Data to process Start Marker
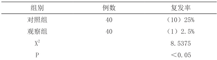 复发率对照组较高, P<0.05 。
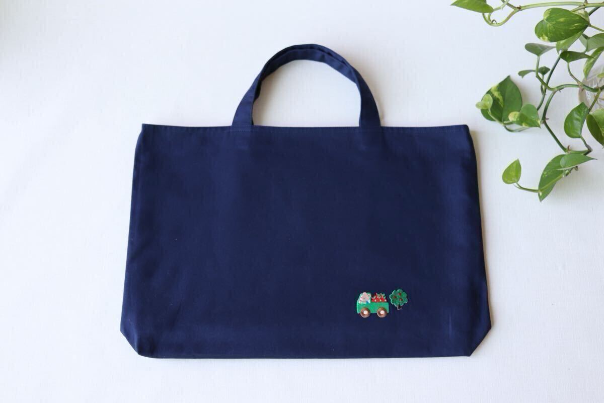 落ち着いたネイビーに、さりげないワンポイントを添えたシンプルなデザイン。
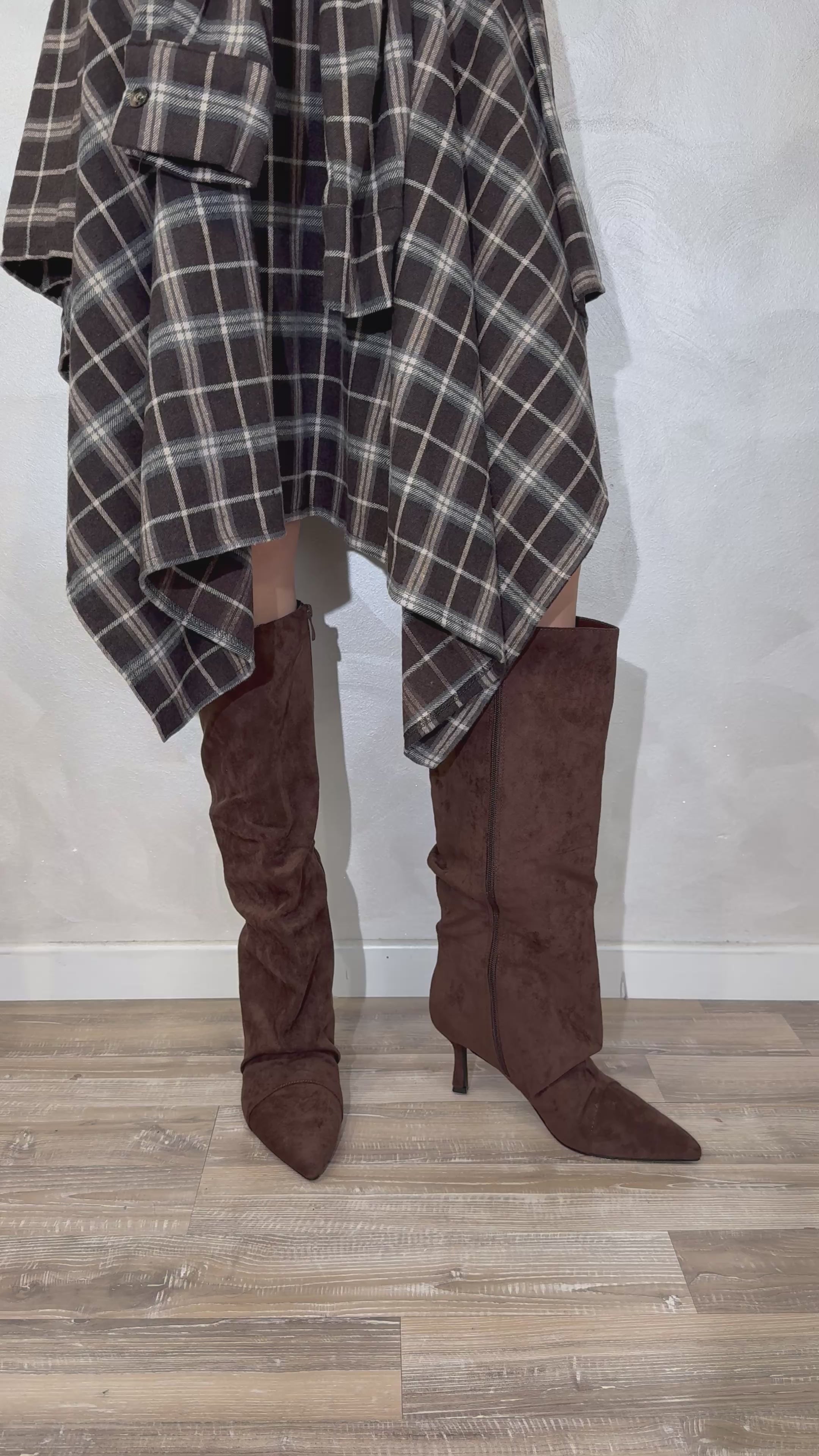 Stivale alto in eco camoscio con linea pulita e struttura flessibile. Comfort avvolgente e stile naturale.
Data to process End Marker
Data to process Start Marker
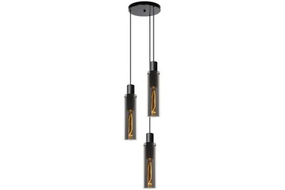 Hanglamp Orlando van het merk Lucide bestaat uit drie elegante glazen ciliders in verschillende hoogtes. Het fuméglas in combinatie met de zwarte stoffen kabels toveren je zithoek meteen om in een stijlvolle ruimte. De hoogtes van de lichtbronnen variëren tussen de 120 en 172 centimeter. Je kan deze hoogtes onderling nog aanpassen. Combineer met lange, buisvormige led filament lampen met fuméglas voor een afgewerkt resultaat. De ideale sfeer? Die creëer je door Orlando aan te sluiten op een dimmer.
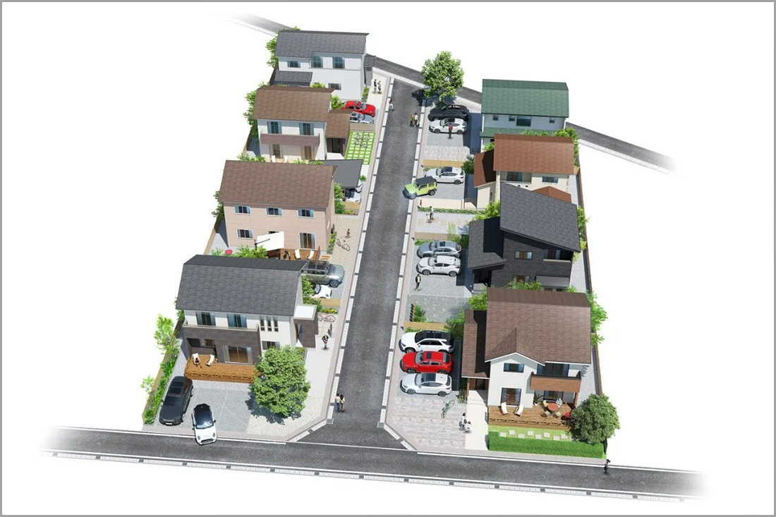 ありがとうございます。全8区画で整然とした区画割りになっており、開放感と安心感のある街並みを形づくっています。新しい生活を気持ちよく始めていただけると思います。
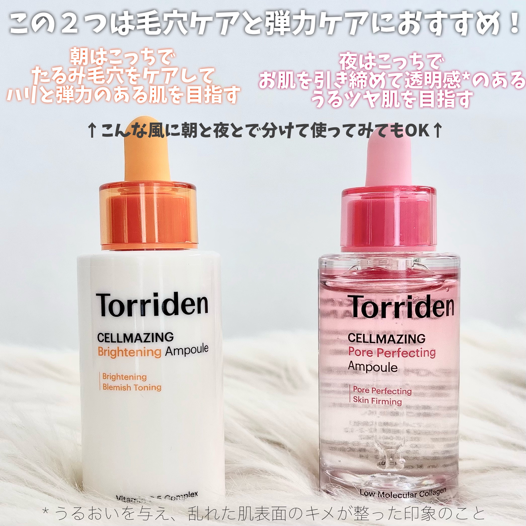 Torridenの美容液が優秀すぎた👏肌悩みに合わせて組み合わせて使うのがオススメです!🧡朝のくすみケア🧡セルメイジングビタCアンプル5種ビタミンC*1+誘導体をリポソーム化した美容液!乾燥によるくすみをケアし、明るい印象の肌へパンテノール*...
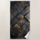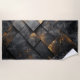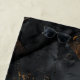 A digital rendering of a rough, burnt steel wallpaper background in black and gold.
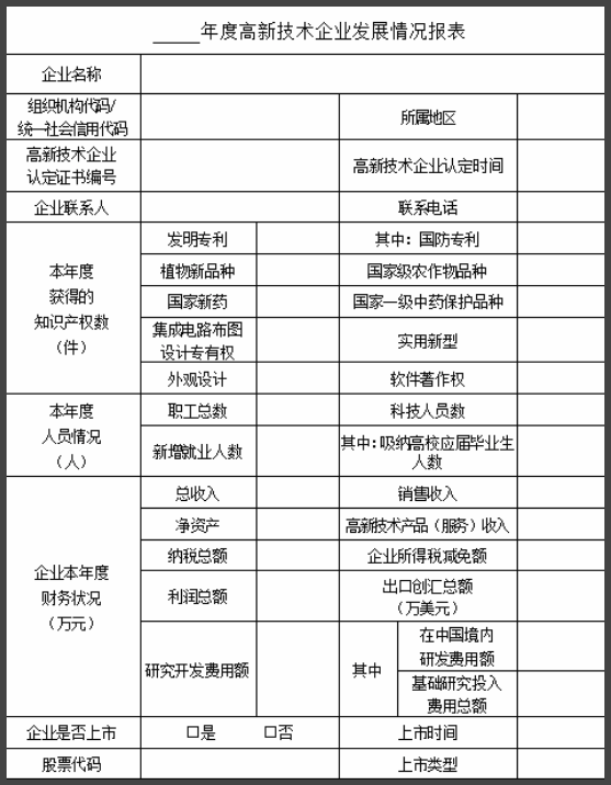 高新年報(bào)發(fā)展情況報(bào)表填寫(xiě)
Data to process End Marker
What you will do:
Starting at the line that contains "ありがとうございます。全8区" and ending at the line that contains "高新年報(bào)發(fā)展情況報(bào)表填寫(xiě)", transcribe the material above exactly, excluding pictures.

Result of this exercise:
 ありがとうございます。全8区画で整然とした区画割りになっており、開放感と安心感のある街並みを形づくっています。新しい生活を気持ちよく始めていただけると思います。
 Torridenの美容液が優秀すぎた👏肌悩みに合わせて組み合わせて使うのがオススメです!🧡朝のくすみケア🧡セルメイジングビタCアンプル5種ビタミンC*1+誘導体をリポソーム化した美容液!乾燥によるくすみをケアし、明るい印象の肌へパンテノール*...
 A digital rendering of a rough, burnt steel wallpaper background in black and gold.
 高新年報(bào)發(fā)展情況報(bào)表填寫(xiě)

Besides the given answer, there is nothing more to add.